C. wash with water at a temperature between 0 ° C and 14 ° C, dry the organic phase obtained in step (b) and add hexane for precipitation of the polymer with isocyanate groups obtained.

2. Method according to claim 1, wherein the base (ii) of step (a) is a tertiary amine.

3. The method according to claim 2, wherein the base is selected from triethylamine, diisopropylethylamine or DABCO (1,4-diazabicyclo {2.2.2] octane).

4. Process according to any one of claims 1 to 3, wherein the moles of the base (ii) with respect to one mole of the amino groups of the polymer (i) is between 2.0 and 3.5.

5. Process according to claim 4, wherein the moles of the base (ii) with respect to one mole of the amino groups of the polymer (i) is between 2.0 and 2.1.

Method according to any one of claims 1 to 5, wherein the solvent (iii) of step (a) or the solvent of the phosgenation solution of step (a) is selected from THF, CHCI ₃ , CH ₂ CI ₂ , toluene, dioxane, benzene or any combination thereof.

7. Process according to any one of claims 1 to 6, wherein the solvent (iii) of step (a) is THF / DCM and / or the solvent of the phosgenation solution of step (a) is DCM.

8. Process according to any one of claims 1 to 7, wherein the moles of phosgene from the phosgenation agent are in an equimolar amount with respect to the amino groups of the polymer (i).

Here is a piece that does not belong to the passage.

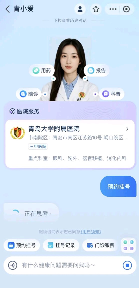 据悉,“青小爱”具备诊前智能导诊功能,可以精准匹配科室与专家,挂号更高效“青小爱”智慧就医AI助理打破传统导诊局限,患者只需提供症状及持续时间或体征等,即可结合医院科室设置,推荐适配科室与专家,并同步说明推荐理由,直接弹出号源链接,实现“一键挂号”。

9. Method according to any of claims 1 to 8, wherein step (b) is carried out at a temperature between -30 ° C and 80 ° C, more preferably between 0 ° C and 30 ° C.

10. The method according to any one of claims 1 to 9, wherein the aminated polymer of step (a) is selected from the list comprising aminated polyepichlorohydrin, aminated polyethylene glycol, aminated polyvinyl pyrrolidone, aminated polyvinyl chloride, aminated polyacrylate, aminated polyalkylacrylate, polystyrene aminated, aminoalkylated or aminochlorinated and any of its copolymers.

1 1. Process for obtaining functionalized linear polymers comprising the reaction between a polymer with isocyanate groups in its side chains obtained by the method described according to any of claims 1 to 10 and a reagent containing a group with active hydrogens selected from amine groups, alcohols, thiols or carboxylic acid.

12. Method of obtaining a linear polymer with urea groups in its side chains, wherein said process comprises:

to. obtaining a polymer with isocyanate groups in its side chains by the method described according to any one of claims 1 to 10;

b. dissolve the polymer obtained in (a) in a neutral solvent and add an amine at a temperature between 0 ° C and 120 ° C for a time between 10 mn and 2 h;

C. precipitate the polymer obtained in (b); Y

d. purify the polymer obtained in (c) by three dissolution-precipitation cycles.